Haskell fold function on tree

Question

I'm struggling with this example:

Write a fold function that folds a function over a tree. (Thus, for example, fold min t would find the smallest element in tree.)

fold :: (a -> a -> a) -> Tree -> a

*That's my script

data Tree = Leaf Int
          | Fork Tree Int Tree
     deriving Show


t0 = Leaf 0
t1 = Fork (Fork (Leaf 1) 2 (Leaf 3)) 4 (Fork (Leaf 5) 6 (Leaf 7))
t2 = Fork (Fork (Fork (Leaf 1) 2 (Leaf 3)) 4 (Leaf 5)) 6 (Leaf 7)

fold :: (a -> a -> a) -> Tree -> a
fold f v (Leaf n) = v
fold f v (Fork l n r) = f (Folk l) (fold f v (Fork r))

Thanks for any advice

Answer 1

Folds can be somewhat mechanically derived from any type. Here's foldMaybe:

data Maybe a = Nothing | Just a

foldMaybe :: r -> (a -> r) -> Maybe a -> r
foldMaybe _ k (Just a) = k a
foldMaybe d _ Nothing  = d

To "fold" a data type means that we are going to provide a way of combining each of the possible constructors for that type into a final type r. Here, Maybe has two constructors: one with 0 values, and one with a single value of type a. So, to fold it, we need to provide a value for the Nothing case, and a function to convert the Just a into an r.

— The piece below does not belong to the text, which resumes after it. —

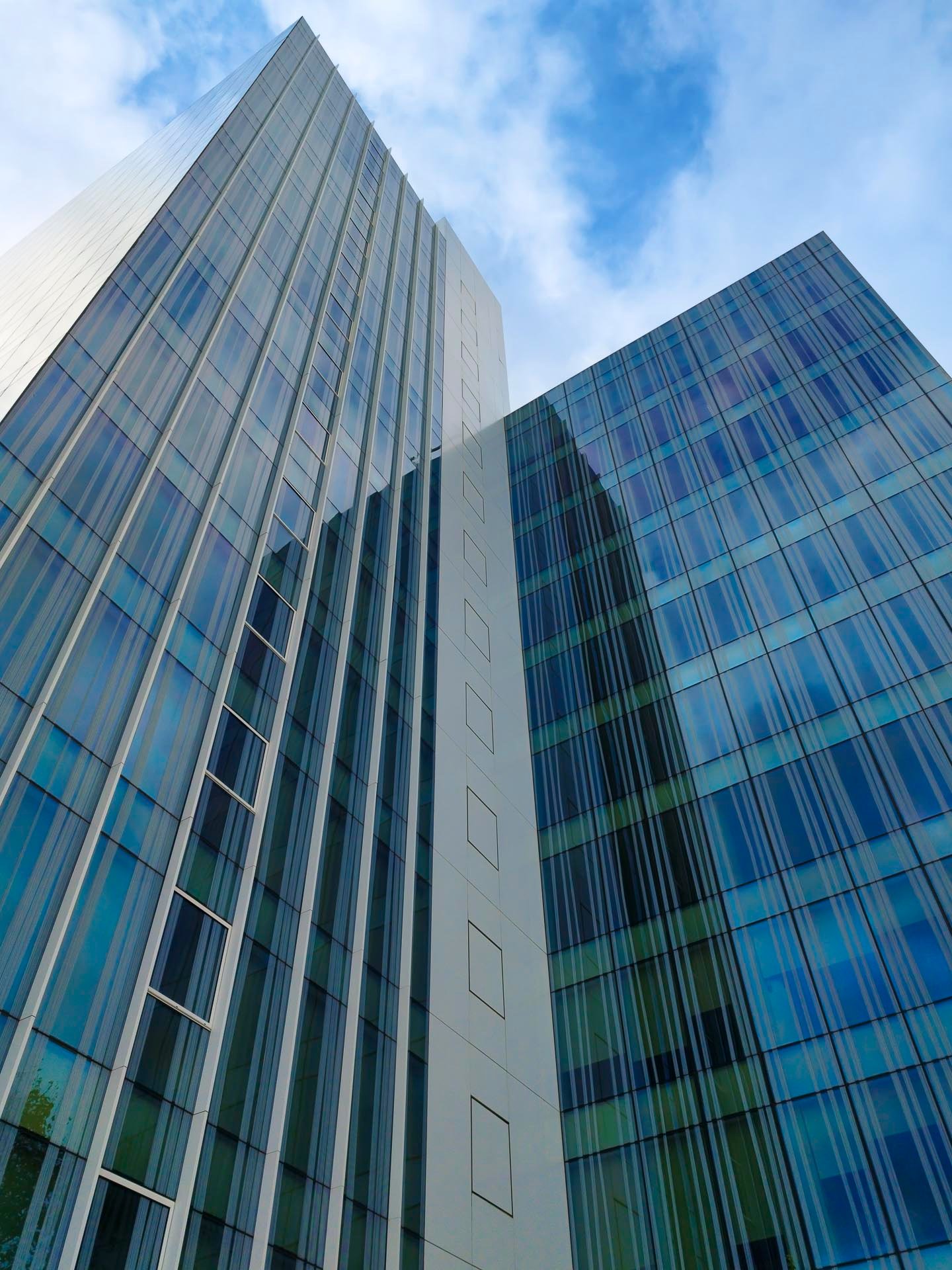 Tall glass skyscrapers rise against a backdrop of blue sky, reflecting light and colors on their surfaces. The modern architecture showcases sleek lines and a sense of urban sophistication.

Let's look at list, and see how foldr is derived from it.

data List a = Nil | Cons a (List a)

           [1]   [2    3    4]             [4]
foldList :: r -> (a -> r -> r) -> List a -> r

1. This is the value to use when replacing the Nil in the list.
2. This is the function to use for combining the Cons case. Since Cons has an a as it's first value, the function must take an a.
3. The second value that Cons takes is a (List a), so why are we taking an r? Well! We're defining a function that can take a List a and return an r, so we'll process the rest of the list before combining with the current node.
4. The fold function returns r.

What does the implementation look like?

foldList nil cons list = case list of
    Nil -> nil
    Cons a as -> cons a (foldList nil cons list)

So we replace all of the constructors with their "destructor" counterparts, recursing where necessary.

For trees:

data Tree = Leaf Int | Fork Tree Int Tree

We have two constructors: one takes an Int, and the other takes three parameters Tree, Int, and Tree.

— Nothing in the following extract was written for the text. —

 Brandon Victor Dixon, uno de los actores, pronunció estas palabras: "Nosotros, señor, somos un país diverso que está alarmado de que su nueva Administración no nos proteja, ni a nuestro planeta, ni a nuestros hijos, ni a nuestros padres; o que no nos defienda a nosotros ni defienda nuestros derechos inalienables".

Let us write the type signature!

treeFold :: LeafCase r -> ForkCase r -> r

Ah, but we have to define LeafCase:

type LeafCase r = Int -> r

Since Leaf takes a single Int as parameter, that's what the type of this function must be.

type ForkCase r = r -> Int -> r -> r

Likewise, we replace all the recursive uses of Tree in Fork with the r type parameter. So our full function looks like:

foldTree :: (Int -> r) -> (r -> Int -> r -> r) -> Tree -> r

The implementation might start like:

foldTree leaf fork tree = case tree of
    Leaf i -> error "halp"
    Fork l i r -> error "complete me?"

and I feel confident that you can fill in those holes :)

Answer 2

One thing, in the signature of your function fold, you're saying that it'll receive 2 arguments, a binary function (could be an operator), a Tree and returns an a. Now, in the defintion you have 3 arguments, f, some v and a constructor of Tree.

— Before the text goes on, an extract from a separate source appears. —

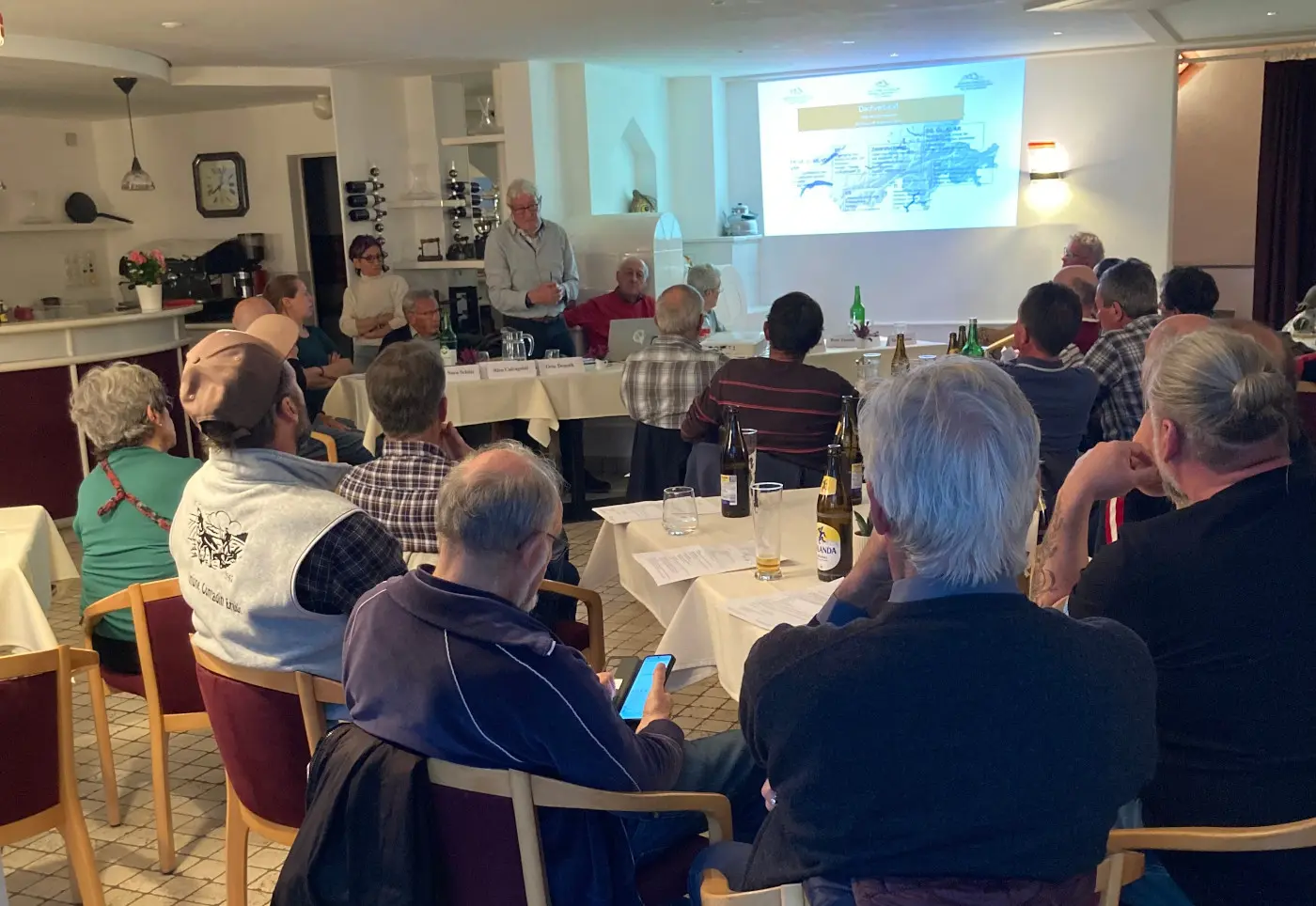 Il presidente Otto Denoth ha descritto la situazione attuale relativa a lupi e orsi nel cantone e ha osservato che, per la prima volta, un orso ha svernato in Engadina e ora, risvegliatosi dal letargo, sarà probabilmente molto affamato. Ha valutato positivamente il fatto che in Parlamento siano in discussione tre mozioni per noi importanti: il consigliere agli Stati Pascal Broulis chiede che i lupi possano essere abbattuti tutto l'anno, la consigliera agli Stati Esther Friedli che ciò sia possibile anche nelle zone di divieto di caccia e il consigliere agli Stati Fabio Regazzi propone un cambiamento di paradigma. I Cantoni dovrebbero stabilire per regione il numero massimo di lupi, per poter eliminare in modo non burocratico gli animali in eccesso.

The solution could be this one:

fold :: (Int -> Int -> Int) -> Tree -> Int
fold f (Leaf n) = n
fold f (Fork l n r) = f n m
    where
        m = f (fold f l) (fold f r)

You need to say that you are returning a Int because your Tree holds Int.

EDIT

Furthermore, you can redefine your data with a rigid type variable.

data Tree a = Leaf a
            | Fork (Tree a) a (Tree a)
     deriving Show


fold :: (a -> a -> a) -> Tree a -> a
fold f (Leaf n) = n
fold f (Fork l n r) = f n m
    where
        m = f (fold f l) (fold f r)

I suggest you to read the documentation of Data.Foldable. They have an example with a Tree data type.